■ WHAT YOU HAVE TO DO
Find "Reivindicación de Gonzalo", then copy its line and every later line of the entries exactly through the end, leaving all pictures out.

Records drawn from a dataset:
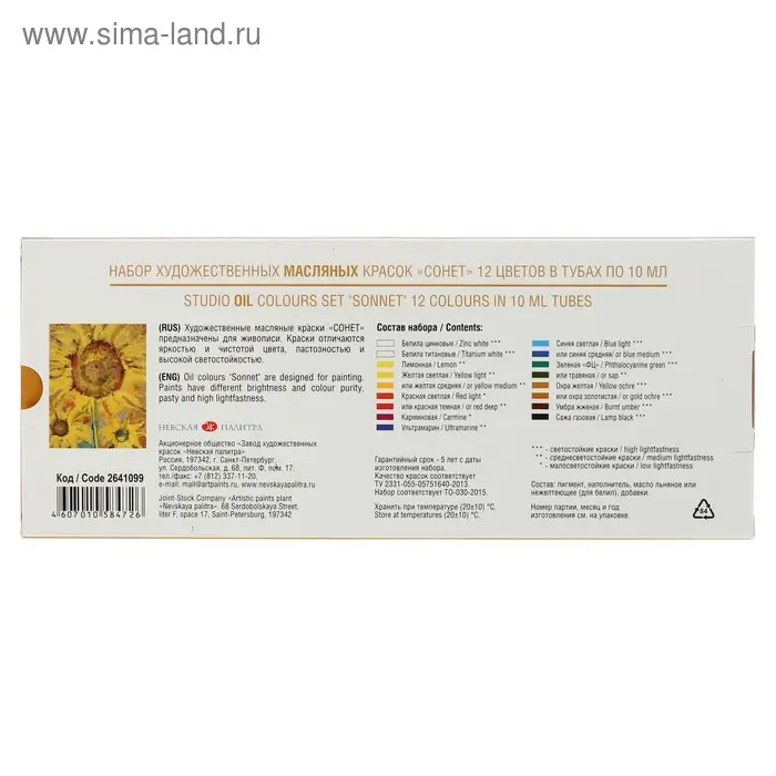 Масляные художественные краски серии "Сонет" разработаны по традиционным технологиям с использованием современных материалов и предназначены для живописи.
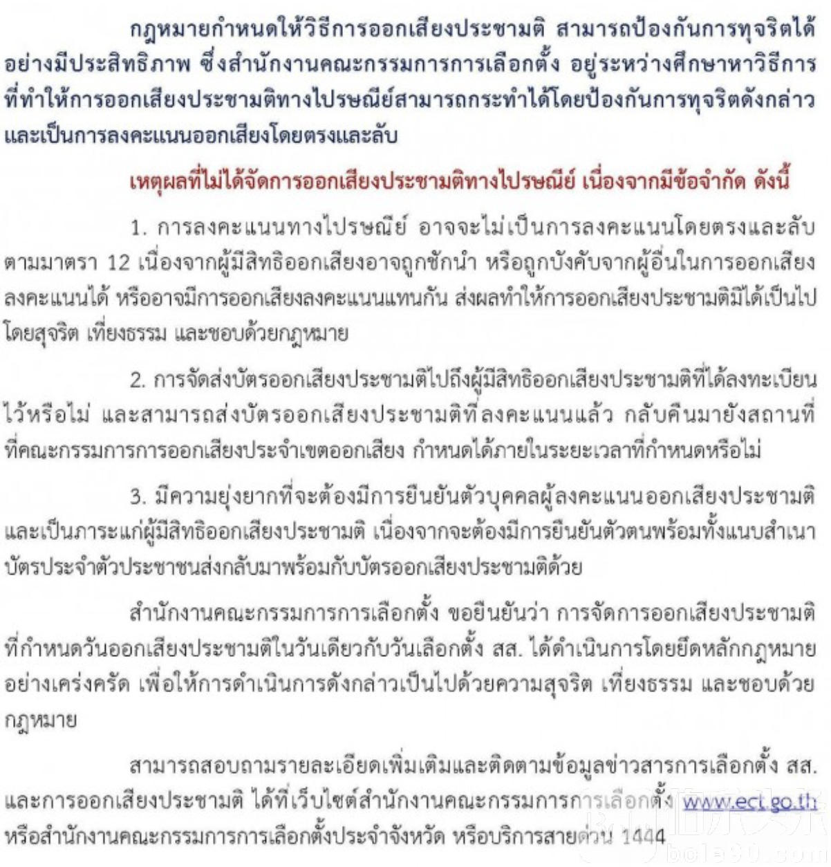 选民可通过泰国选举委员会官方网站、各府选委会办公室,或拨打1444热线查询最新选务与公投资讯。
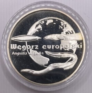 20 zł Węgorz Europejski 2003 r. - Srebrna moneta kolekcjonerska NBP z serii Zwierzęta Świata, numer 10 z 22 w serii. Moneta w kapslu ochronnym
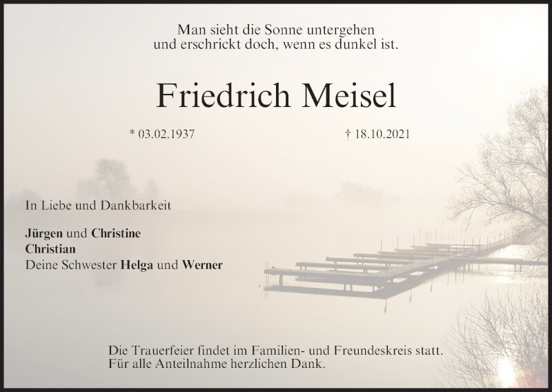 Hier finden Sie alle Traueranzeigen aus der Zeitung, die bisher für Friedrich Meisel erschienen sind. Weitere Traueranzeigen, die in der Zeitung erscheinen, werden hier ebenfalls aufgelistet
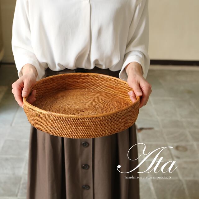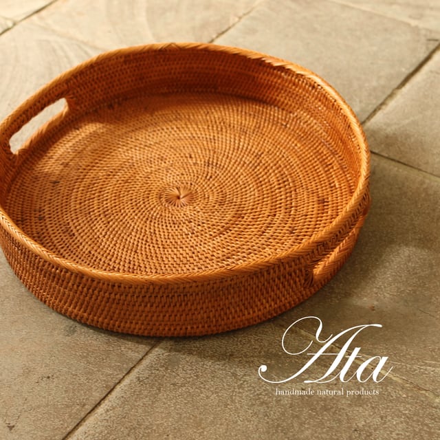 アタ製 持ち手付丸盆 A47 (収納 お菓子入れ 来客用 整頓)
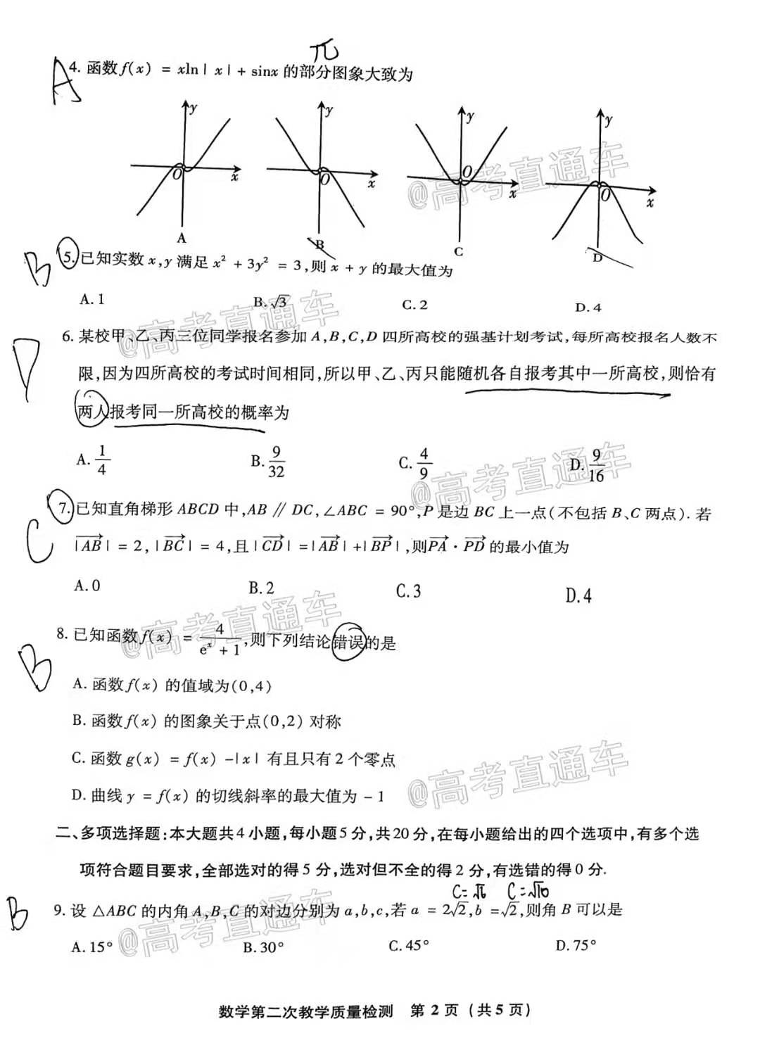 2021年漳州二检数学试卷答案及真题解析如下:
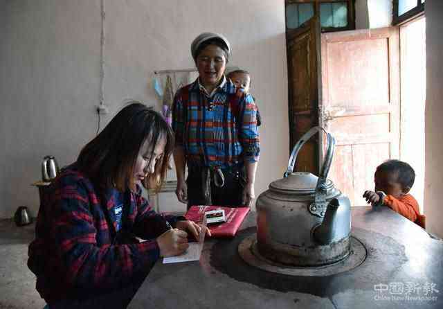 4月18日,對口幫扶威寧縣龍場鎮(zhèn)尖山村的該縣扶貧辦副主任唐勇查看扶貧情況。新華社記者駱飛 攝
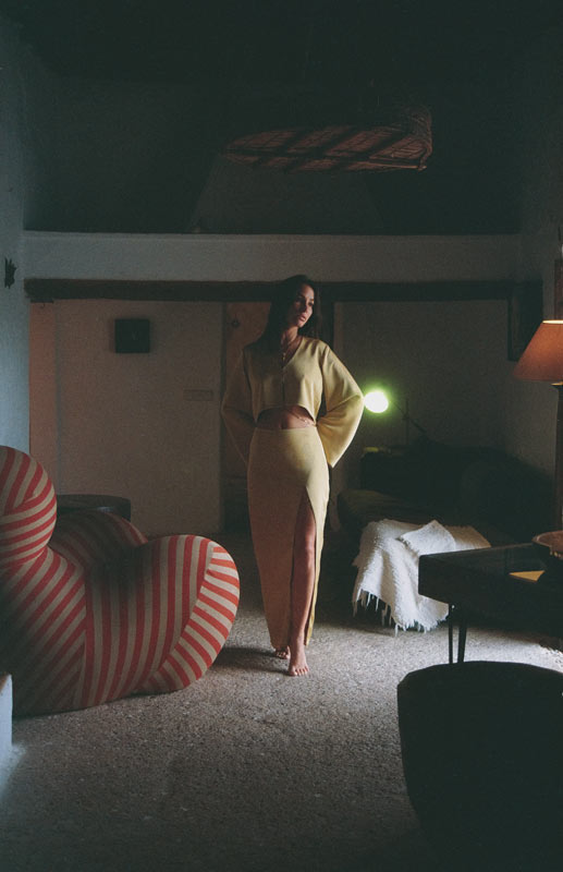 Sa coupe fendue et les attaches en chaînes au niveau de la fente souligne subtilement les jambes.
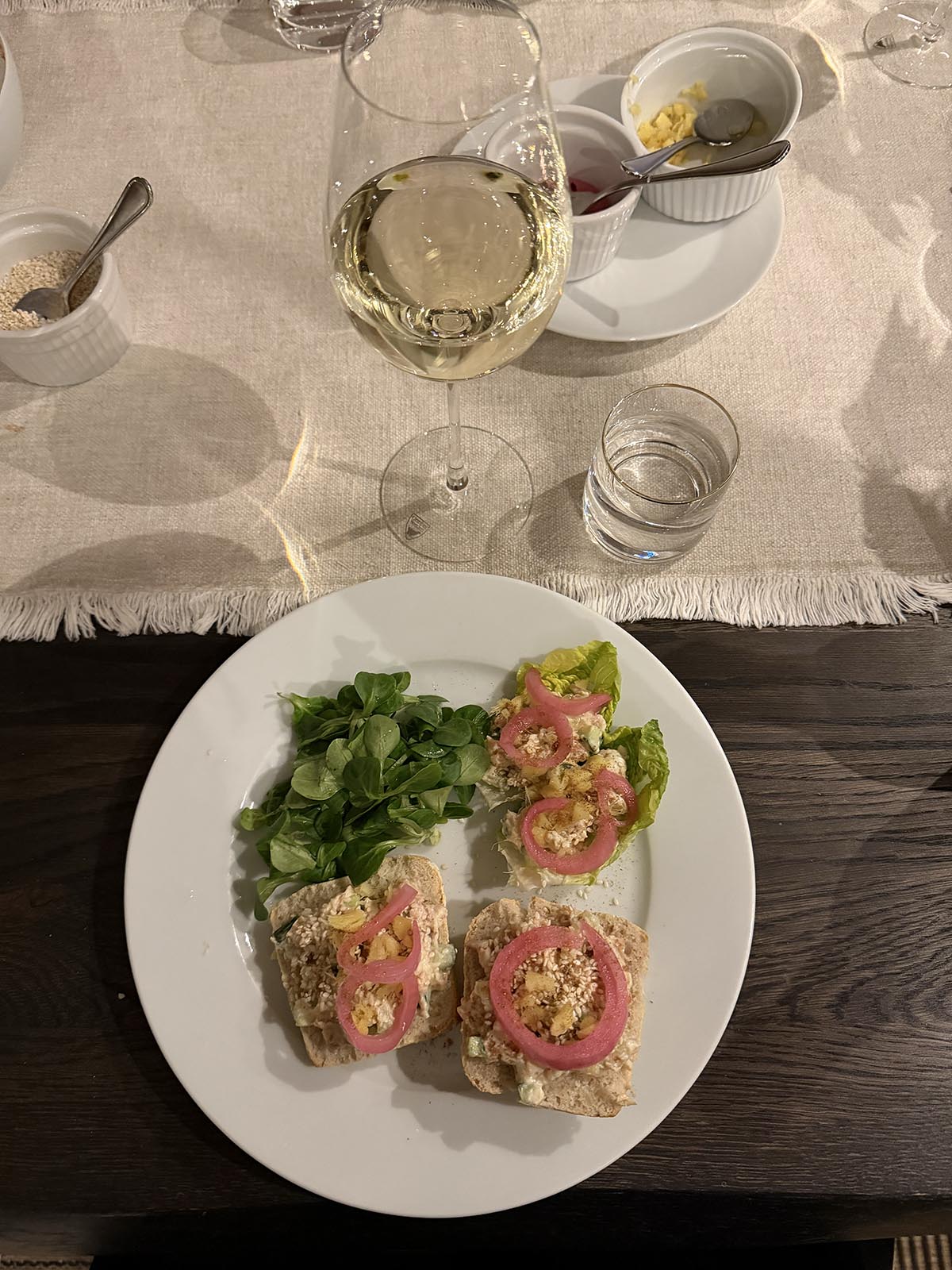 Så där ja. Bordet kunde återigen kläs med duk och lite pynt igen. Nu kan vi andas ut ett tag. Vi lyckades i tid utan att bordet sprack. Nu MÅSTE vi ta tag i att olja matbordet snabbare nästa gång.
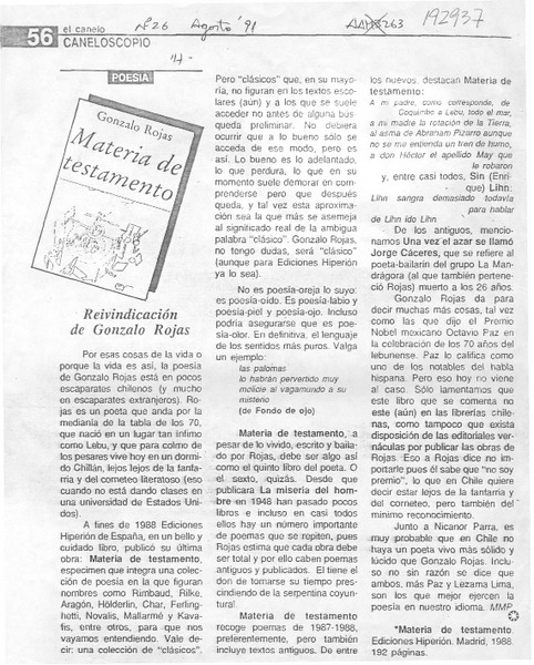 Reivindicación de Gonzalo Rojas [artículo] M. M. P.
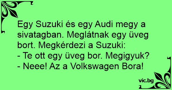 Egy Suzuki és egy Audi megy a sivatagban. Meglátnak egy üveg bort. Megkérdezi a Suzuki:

■ REPLY
 Reivindicación de Gonzalo Rojas [artículo] M. M. P.
 Egy Suzuki és egy Audi megy a sivatagban. Meglátnak egy üveg bort. Megkérdezi a Suzuki:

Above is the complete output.